Commentary: Food security is strongest if locally produced
Residents of Barangay District 4 in Bayombong, Nueva Vizcaya on June 18, 2020 pick free tomatoes.
The STAR/Victor Martin
Commentary: Food security is strongest if locally produced
Paco Pangalangan (Philstar.com) - October 10, 2020 - 2:38pm

Having access to sufficient, safe and nutritious food has always been a concern in the Philippines. However, the pandemic and the impact it has had on food supply chains has further heightened these food security concerns.

For a reminder of this heightened state of concern, just look back to earlier this year, to the days that lead up to the lockdown, when panicked shoppers flocked supermarkets and grocery stores in droves and emptied store shelves. Back then, they feared that the community quarantine would close-off Metro Manila and create food shortages. True enough, military checkpoints were set up, cutting off supply chains and impeding the flow of goods into the capital.

The growing concern over food security was as palpable at the policy level as it was on the ground. In fact, it was one of the first issues that the COVID-19 Inter-Agency Task Force (IATF) tried to address.

If you recall, the IATF imposed community quarantine— suspending travel, closing schools and banning mass gatherings— in the entirety of Metro Manila on March 12 through Resolution No. 11. In IATF Resolution No. 12, which it released the very next day, the task force made sure to allow the unhampered movement of cargo to and from Metro Manila to avert any threat of a shortage of basic food or essential medicine.

Both the panicked grocery shoppers and the IATF's prioritization of goods' movement shows us that food security is an essential issue that we cannot ignore, especially now that we face global health and economic crises.

Yet, questions remain about whether we are doing enough to manage and maximize our locally grown food to build resilience and enhance Filipinos' food security.

These questions were discussed at a recent virtual town hall discussion organized by Stratbase ADR Institute entitled "Managing Food Supply Chains Amidst a Pandemic: A Multi-Stakeholder Perspective." As the event's title suggests, the event brought together public and private sector stakeholders from the agriculture, livestock, and poultry industries to discuss the country's food supply challenges and opportunities.

One of the key sentiments that stood out was what seemed like a perceived disconnection between the government's policies and its actions that have left local food industries at a disadvantage.

Speaking at the virtual town hall, Dr. Roehlano Briones of the Philippine Institute of Development Studies referred to the problem as a "divergence between policy and implementation." Briones further suggested that a "harmonization" of policies is needed to ensure no food supply disruptions in future emergencies and that "stimulus programs should offer appropriate levels of support for agriculture, targeted to small farmers and fisherfolk." 

The need for recalibrated policies to support local industries was also emphasized by Philippine Association of Feed Millers Inc. (PAFMI) President Nikki Sarmiento-Garcia, who said that policies should not "steal the livelihood from the local industry." Garcia further emphasized the need for data-driven policies to address the imbalanced importation and exportation practices currently in place.
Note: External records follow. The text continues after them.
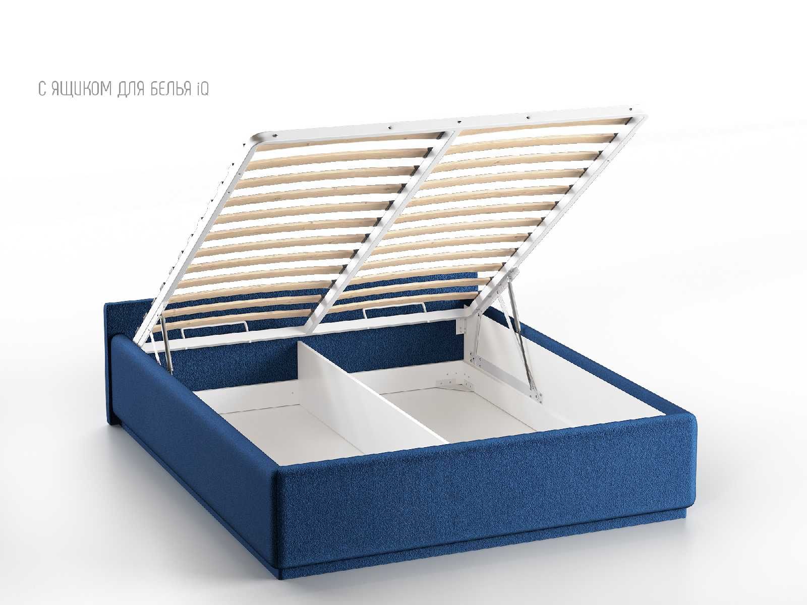 Кровать укомплектована IQ с подъемным механизмом и ящиком для белья без дна (дополнительная платная опция - дно к ящику IQ из HDF (ХДФ). Каркас кровати на цоколе, декоративный чехол на цоколе съёмный. Глубина ящика для белья - 30 см, без ограничения нагрузки на ящик.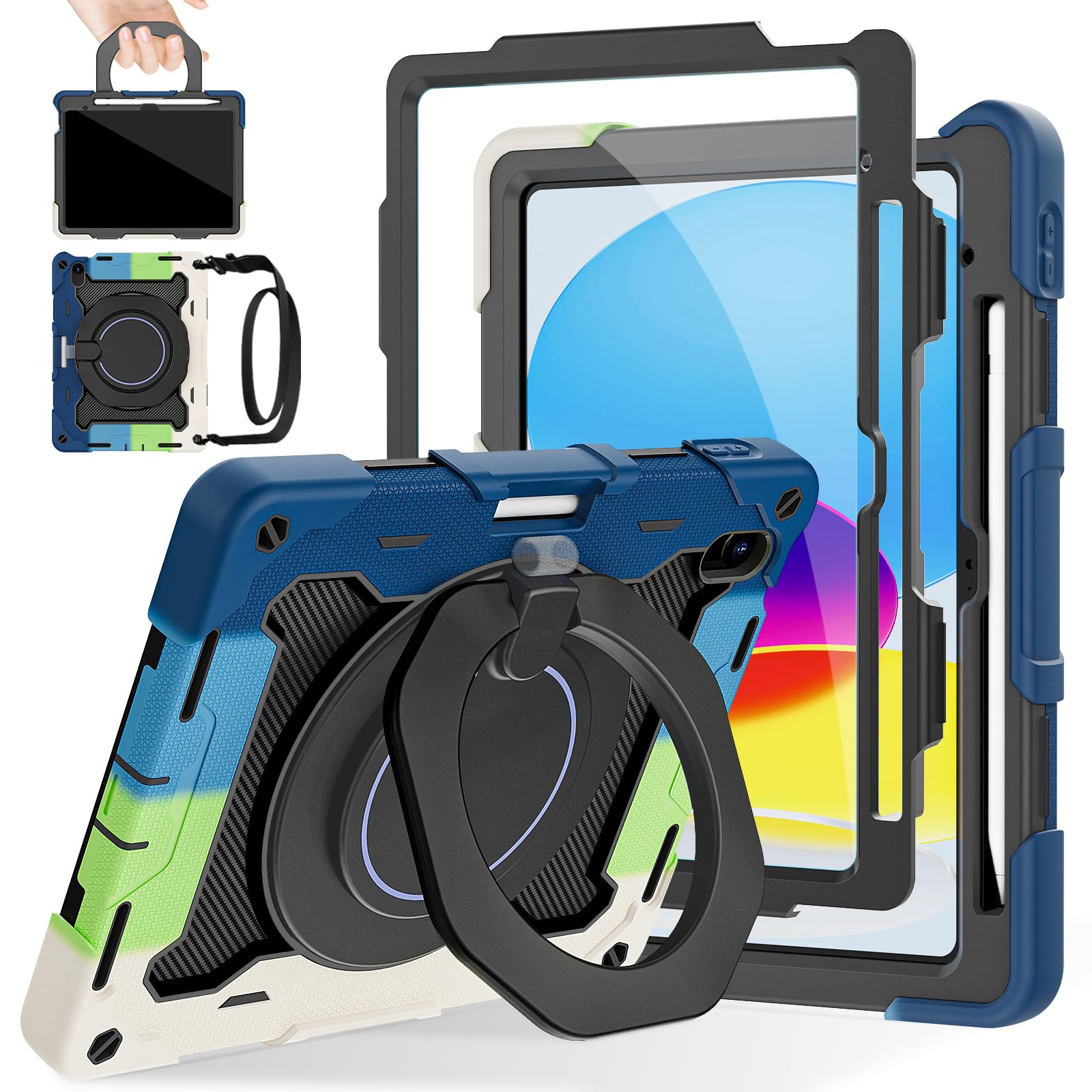for Onn 10.1 Tablet Case Gen 3 Cover,Case for Walmart ONN 10.1 Inch 2022 Tablet,Heavy Duty Shockproof Kids Rotating Stand Hand Cov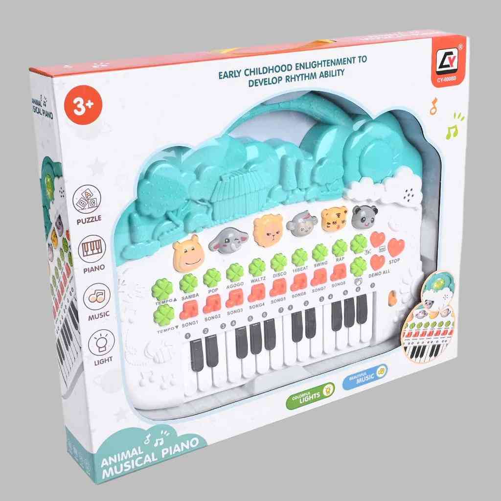 The Animal Musical Piano is a colorful and interactive keyboard designed to introduce young children to music in a fun and engaging way. It features animal sound buttons, cheerful melodies, and bright light effects that respond as kids play. With multiple music modes, rhythm styles, and easy-to-press piano keys, it helps develop early musical sense, hand-eye coordination, and listening skills. The cute animal design keeps children entertained while encouraging creativity and learning through play. Made from safe, durable plastic, it is perfect for toddlers and preschoolers aged 3 years and above.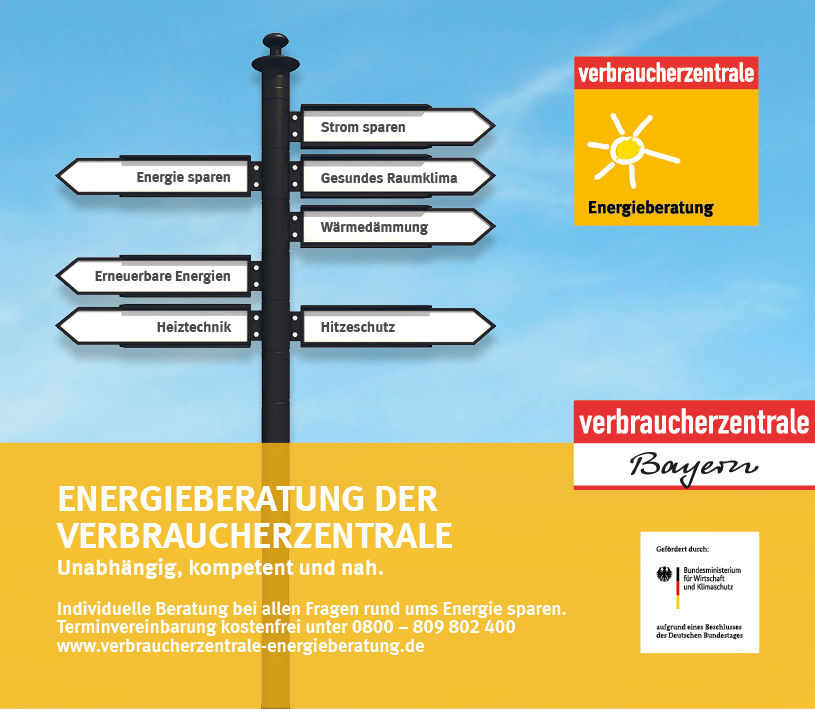 Die Energieberatung der Verbraucherzentrale Bayern bietet in Zusammenarbeit mit der Stadt Rosenheim i.d.R. am vierten Freitag im Monat zwischen 08:30 und 13:00 Uhr kostenfreie Beratungstermine (je 45 Minuten) in der Königstraße 15 (83022 Rosenheim) an. Mögliche Themen sind u.a. erneuerbare Energien, Energie sparen, energetische Sanierung und Fördermöglichkeiten.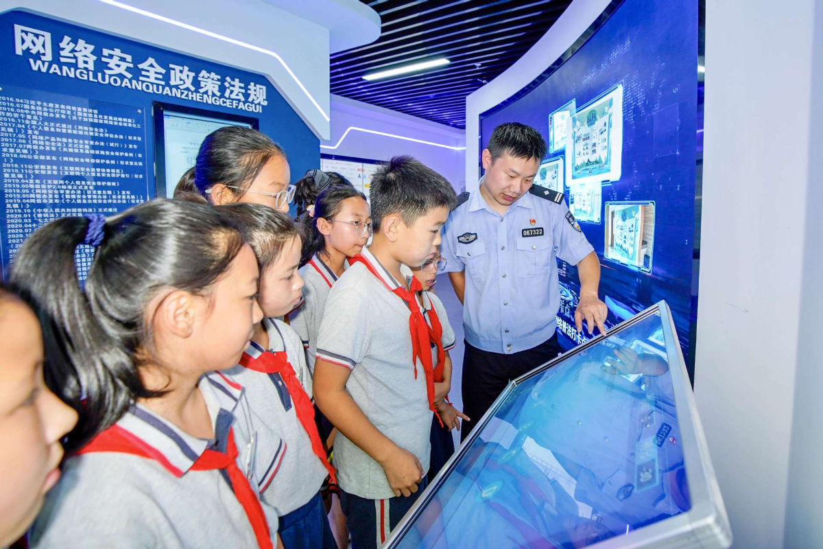 2025年9月15日,浙江省舟山市岱山县公安局民警与辖区高亭中学学生进行网络安全知识竞答互动。图片来源:新华社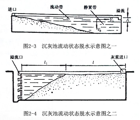 灰水流動狀態(tài)的脫水是灰水由沉灰池的一端進入,澄清水由另一端溢流排出的連續(xù)作業(yè),灰粒在灰水流中邊流動邊沉降。在沉灰池中灰水分為兩帶,上層灰水流動部分稱為流動帶,下層靜止沉降積灰部分稱為靜置帶(圖2-3和圖2-4)。沉灰池中粗、重顆粒,由于水力沉速快,穿過運動帶的時間很短,被灰水流攜帶向溢流口移動的距離也很短,故在沉灰池進口處快速沉降,而形成一個坡向溢流口的斜面。灰水不斷引進,澄清水溢流,斜面積灰層逐漸增高,待溢流水中含灰量超過允許限度(<0.1)時就關閉灰水進口閘門,再靜置一段時間后,入出澄清水就可以挖灰使用。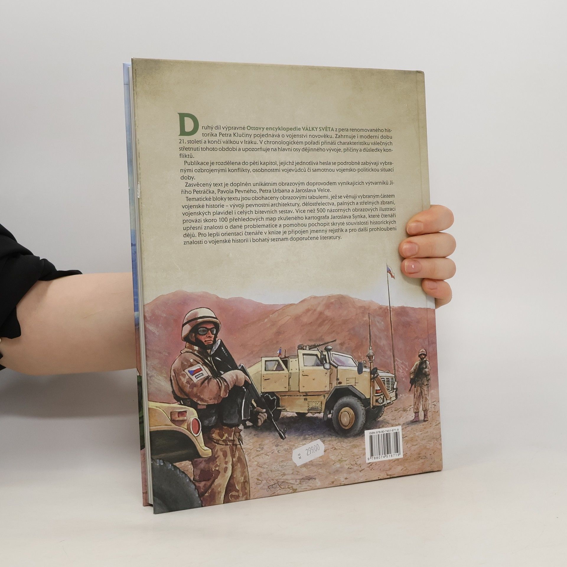Druhý díl výpravné Ottovy encyklopedie Války světa renomovaného historika Petra Klučiny pojednává o vojenství novověku. Zahrnuje i moderní dobu 21.století a končí válkou v Iráku. Publikace je rozdělena do pěti kapitol, jejichž jednotlivá hesla se zabývají vybranými ozbrojenými konflikty, osobnostmi vojevůdců či vojensko-politickým vývojem. Více než 500 ilustrací známých výtvarníků Jiřího Petráčka, Pavola Pevného, Petra Urbana a Jaroslava Velce provází skoro 100 map kartografa Jaroslava Synka. Encyklopedie je tak svou formou vhodná nejen pro zájemce o vojenskou tematiku, ale i pro mládež.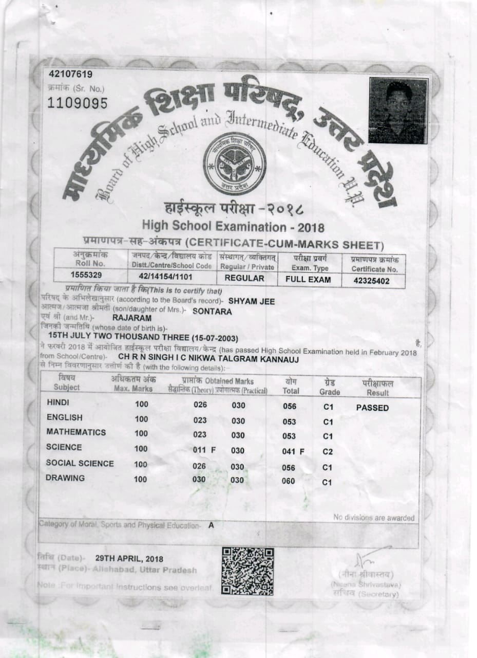 | Exam | Full Marks | Pass Marks | Marks Obtained |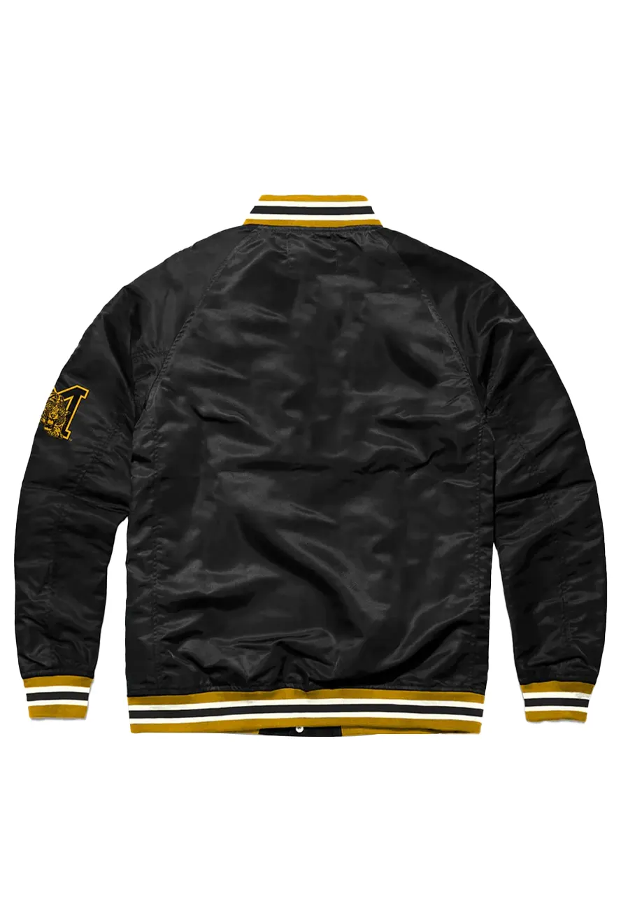 The Mizzou Black Letterman Jacket Will Wrap You With Its Timeless Coolness, Confident Attitude, and Add a Classy Charm to Your Personality. The Mizzou Varsity Jacket Has Been Fabricated in Premium-quality Satin to Make It Wearable in All Seasons, While Its Soft Viscose Inner Makes It Comfortable and Sweat-free. The Shiny Black Color of the Jacket Will Enhance Your Smartness. The Mizzou Black Letterman Varsity Jacket Has Been Designed by Using Remarkable Features Like a Rib-knitted Stand-up Collar, Snap Tab Buttoned Closure, Rib-knitted Cuffs and Hemline, and Side Waist Pockets to Make It More Functional. The Mizzou Letterman Jacket Will Let You Embrace the Spirit of Adventure.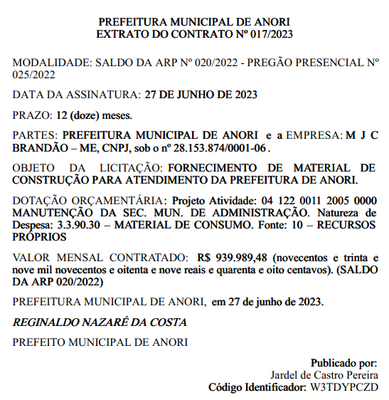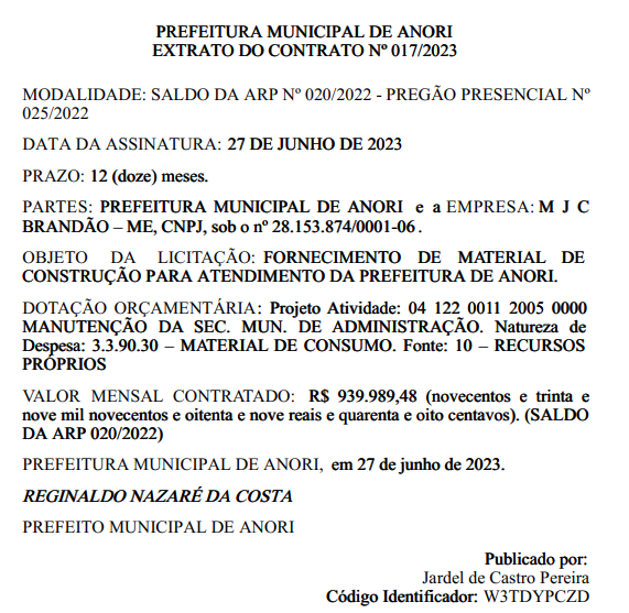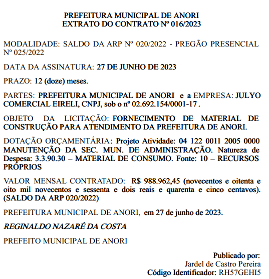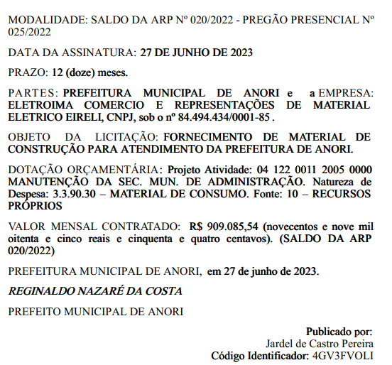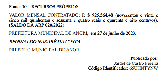 O montante somam o valor total de R$ 3.763.001,95 (três milhões, setecentos e sessenta e três mil, um real e noventa e cinco centavos). Com o prazo de vigência de 12 (doze) meses, a partir da data de assinatura, assinado pelo prefeito município, Reginaldo Nazaré, no dia 27 de junho de 2023.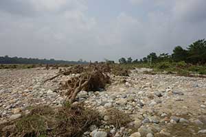 水害の跡が生々しい川辺 |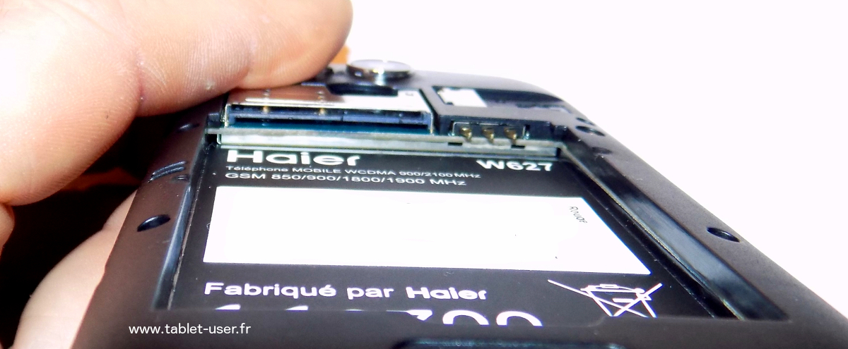On voit les deux emplacement de cartes SIM ( superposés ) et l’emplacement de la carte SD qui peut être changée sans retirer la batterie …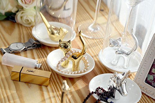 -. Feature : Crafted from great quality glazed ceramic. / Perfect size and space saving ceramic dish can hold many of rings. / Put it in the bathroom ,a perfect place to hold your necklaces, earrings, hand chain ,bracelets / Leave it by the sink to collect your rings as you wash your hands or put it on the nightstand to place your rings as you get ready for bed. / A great gift for daughters, sisters,mothers,wifes and girlfriends,even boyfriends if they have many rings.
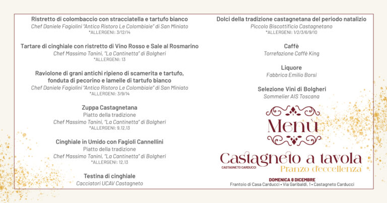 Il pranzo d’eccellenza, con i suoi piatti gourmet e della tradizione, rappresenta il momento clou di Castagneto a Tavola 2024, offrendo un’esperienza indimenticabile per tutti i partecipanti. Il pranzo avrà luogo domenica 8 dicembre alle ore 13.00 presso il “Frantoio” di Casa Carducci con, per la prima volta, la partecipazione del tartufo di San Miniato in un gemellaggio fra tipicità toscane. Il menù è a cura dello Chef Daniele Fagiolini di “Antico Ristoro Le Colombaie” di San Miniato e di Massimo Tanini de “La Cantinetta” di Bolgheri, oltre alla collaborazione con i Cacciatori UCAV che hanno realizzato la rinomata “testina di cinghiale” e dei produttori del territorio che contribuiranno a rendere il pranzo “d’eccellenza”, in particolare il Consorzio per la Tutela dei Vini Bolgheri DOC e Bolgheri Sassicaia DOC. Prenotazione a: www.itinera.link/castagneto.
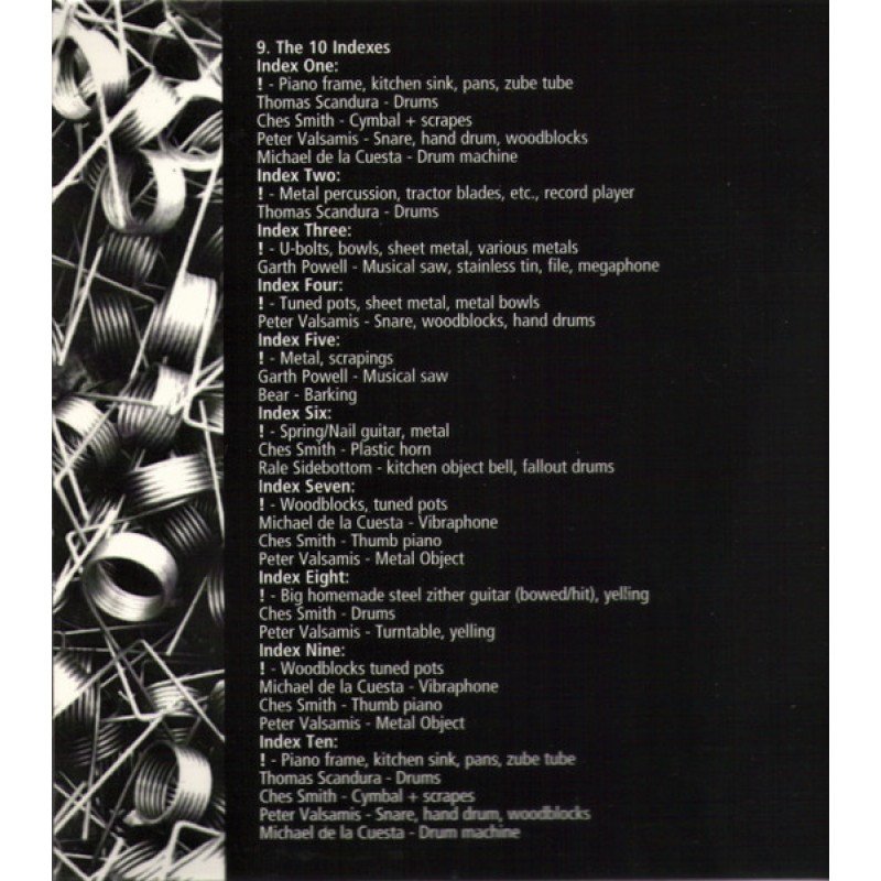 The record used on the record player is an Eric Dolphy record. The 10 Indexes is a single track of ten sections/indexes.All tracks except #5 recorded at the Bomb Shelter in Oakland, California, USA between the 27th of December, 1997 through the 12th of April, 1998. Track 5 was recorded at 2544 3rd Street in San Francisco sometime in 1998. Digital editing and CD mastering was done at the Workhouse Studio 420 in San Jose, 1998. Cover and back photo taken in 2001. Inner photo taken during the recording sessions in 1998. Composed with additional contributions from all.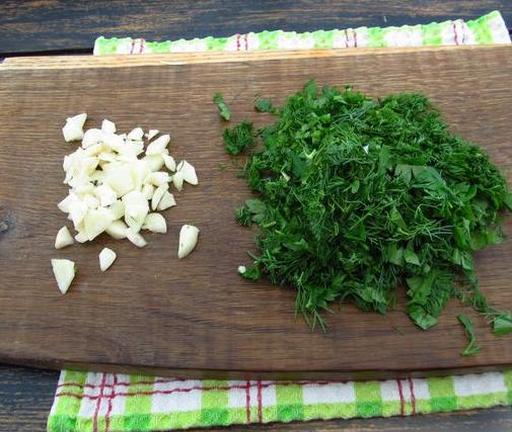 Дрібно наріжте кріп та петрушку. Очистіть та подрібніть часник ножем.

Stratbase ADR Institute President Prof. Dindo Manhit also stressed the need for a balanced import policy and underscored that local demand should be sustained by local supply. Manhit further noted that close cooperation between the government and industry sector is necessary to protect and enable agricultural food production and distribution during this crisis and beyond.

Importation has a place in the food security conversation. Still, stakeholders from the local industries are apprehensive that the government is allowing the rapid increase in the importation of several food and agricultural products and that this will further hurt the already struggling local food growers. This concern stems from the sharp increase of imported products despite the availability of local sources. 

An example of this is the importation of dressed chicken. According to data from the Department of Agriculture, in September last year, dressed chicken sourced from abroad amounted to only 17,179 Metric Tons (MT). However, as of September 2020, the amount of imported dressed chicken on inventory has now more than doubled to 41,035 MT.

This data is worrisome since too much importation can have harsh effects on local producers who, due to the pandemic, are trying to still get back on their feet economically. The DA must seriously look into this and find ways to work with local industries to support our local food growers and producers.

Food security is strongest when food is produced locally. Locally grown food is fresher since it has to travel shorter distances from farms to consumers. It also bolsters local economies by creating a whole ecosystem of jobs and opportunities for Filipino businesses and communities.

There is a saying that once in your life, you'll need a doctor, lawyer, policeman, or preacher, but every day — three times a day — you need a farmer. This saying neatly captures the vital role that the agriculture, fisheries and livestock sectors play in our daily lives and in the grander goal of achieving local food security. However, it doesn't mention that we, in turn, have a responsibility to these local food producers to ensure that both our policies and actions support their growth, particularly during these trying times.
 

Paco Pangalangan is executive director of think tank Stratbase ADR Institute.